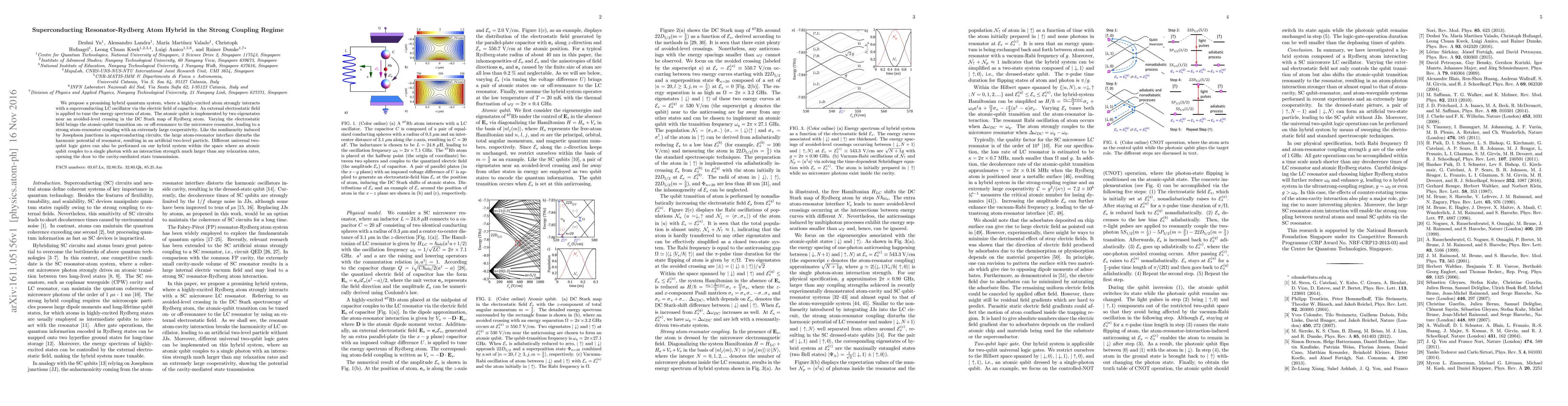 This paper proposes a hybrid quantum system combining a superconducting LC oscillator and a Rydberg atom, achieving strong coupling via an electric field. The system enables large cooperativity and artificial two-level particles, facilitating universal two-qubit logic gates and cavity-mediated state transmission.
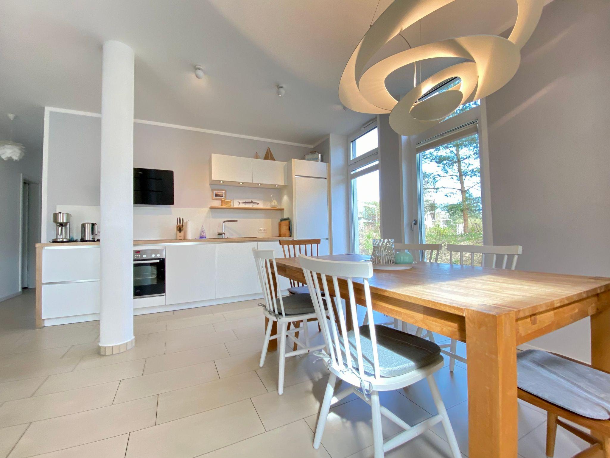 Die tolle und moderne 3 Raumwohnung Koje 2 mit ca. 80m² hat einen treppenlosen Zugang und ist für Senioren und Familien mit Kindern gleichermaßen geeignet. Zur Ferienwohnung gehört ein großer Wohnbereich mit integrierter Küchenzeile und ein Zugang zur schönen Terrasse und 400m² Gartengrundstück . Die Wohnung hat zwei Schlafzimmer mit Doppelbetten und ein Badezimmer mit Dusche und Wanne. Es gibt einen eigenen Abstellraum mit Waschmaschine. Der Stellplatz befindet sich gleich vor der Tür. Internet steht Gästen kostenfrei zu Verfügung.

--

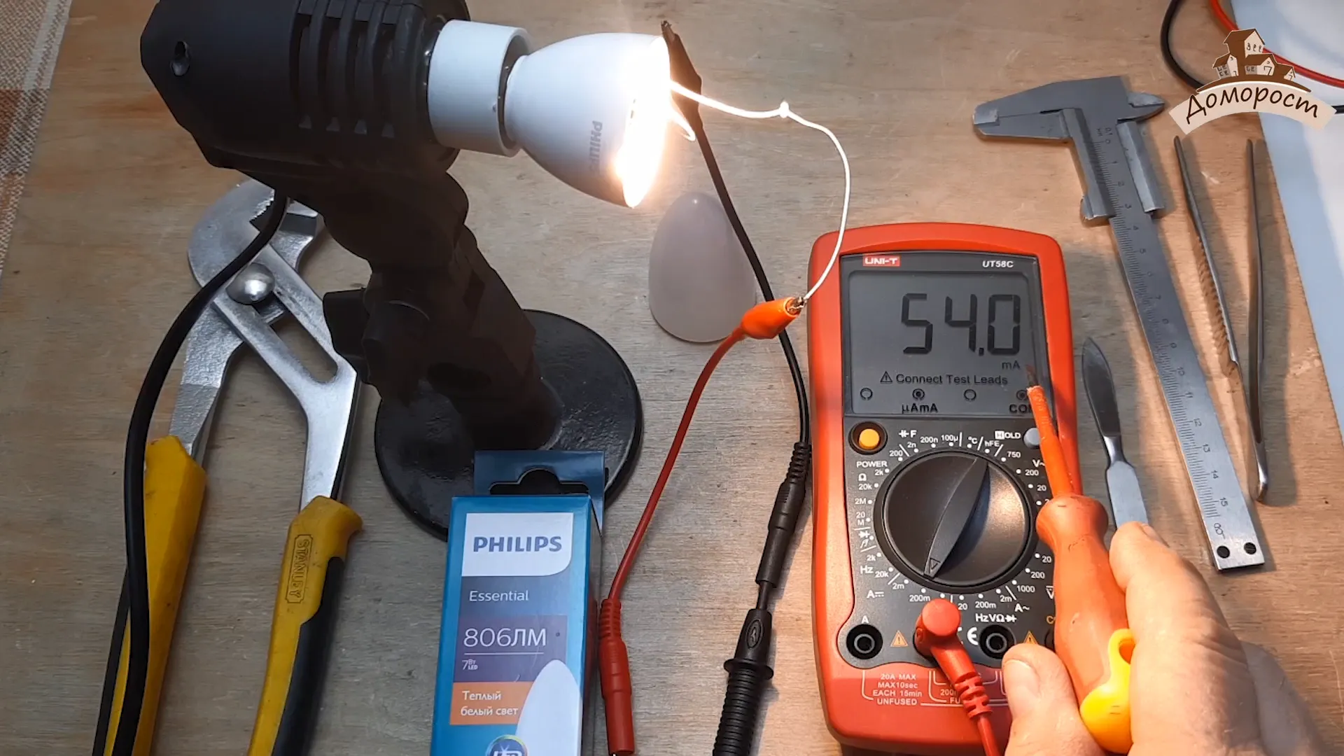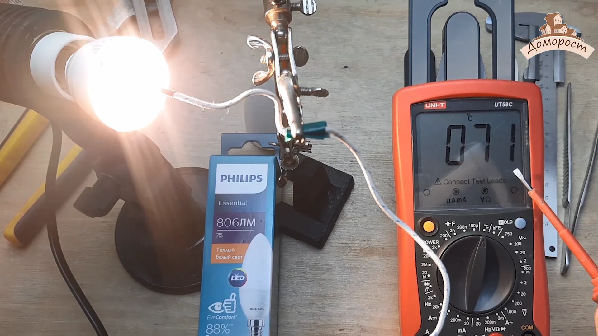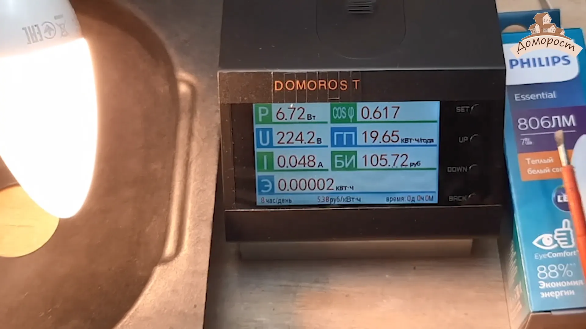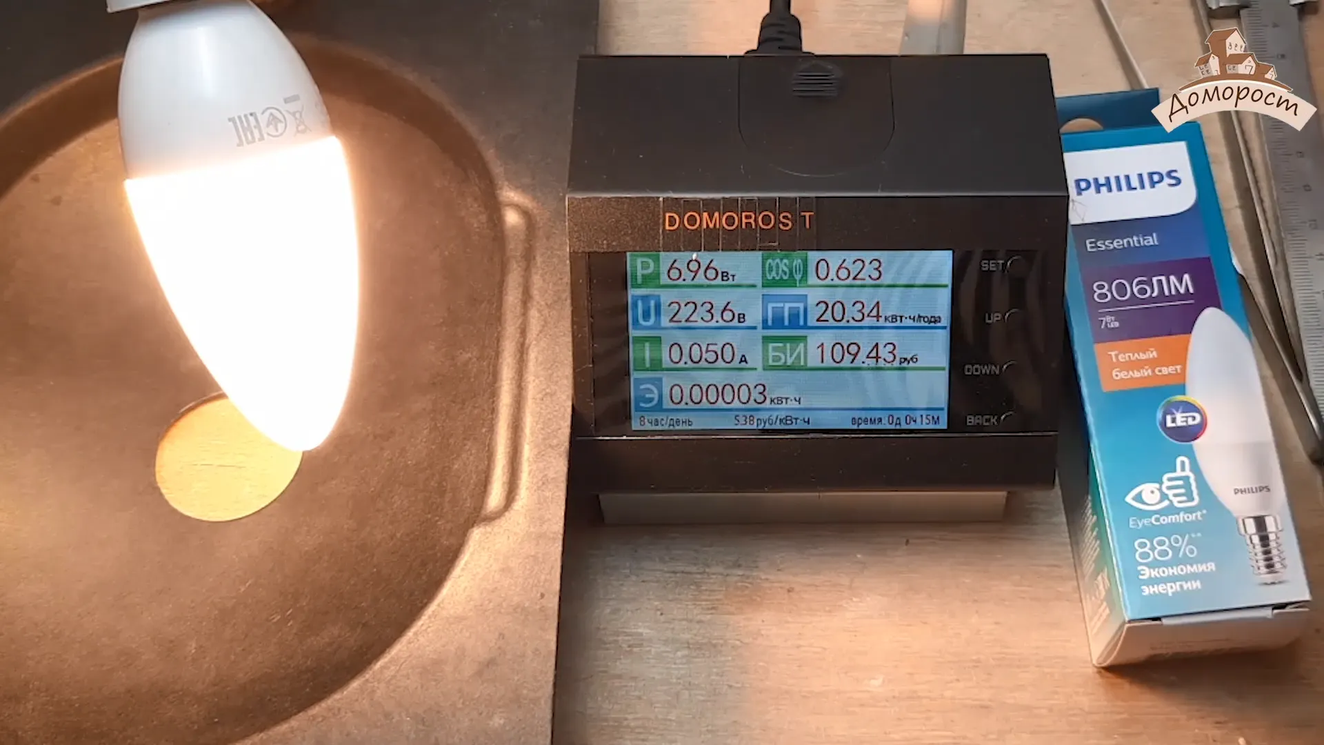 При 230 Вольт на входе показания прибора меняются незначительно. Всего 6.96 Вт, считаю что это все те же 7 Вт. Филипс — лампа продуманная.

### Task details:
Precisely those lines above that run from the line with "This paper proposes" up to and including the line with "Die tolle und" are to be set down, with the pictures omitted.

### Result for this task:
 This paper proposes a hybrid quantum system combining a superconducting LC oscillator and a Rydberg atom, achieving strong coupling via an electric field. The system enables large cooperativity and artificial two-level particles, facilitating universal two-qubit logic gates and cavity-mediated state transmission.
 Die tolle und moderne 3 Raumwohnung Koje 2 mit ca. 80m² hat einen treppenlosen Zugang und ist für Senioren und Familien mit Kindern gleichermaßen geeignet. Zur Ferienwohnung gehört ein großer Wohnbereich mit integrierter Küchenzeile und ein Zugang zur schönen Terrasse und 400m² Gartengrundstück . Die Wohnung hat zwei Schlafzimmer mit Doppelbetten und ein Badezimmer mit Dusche und Wanne. Es gibt einen eigenen Abstellraum mit Waschmaschine. Der Stellplatz befindet sich gleich vor der Tür. Internet steht Gästen kostenfrei zu Verfügung.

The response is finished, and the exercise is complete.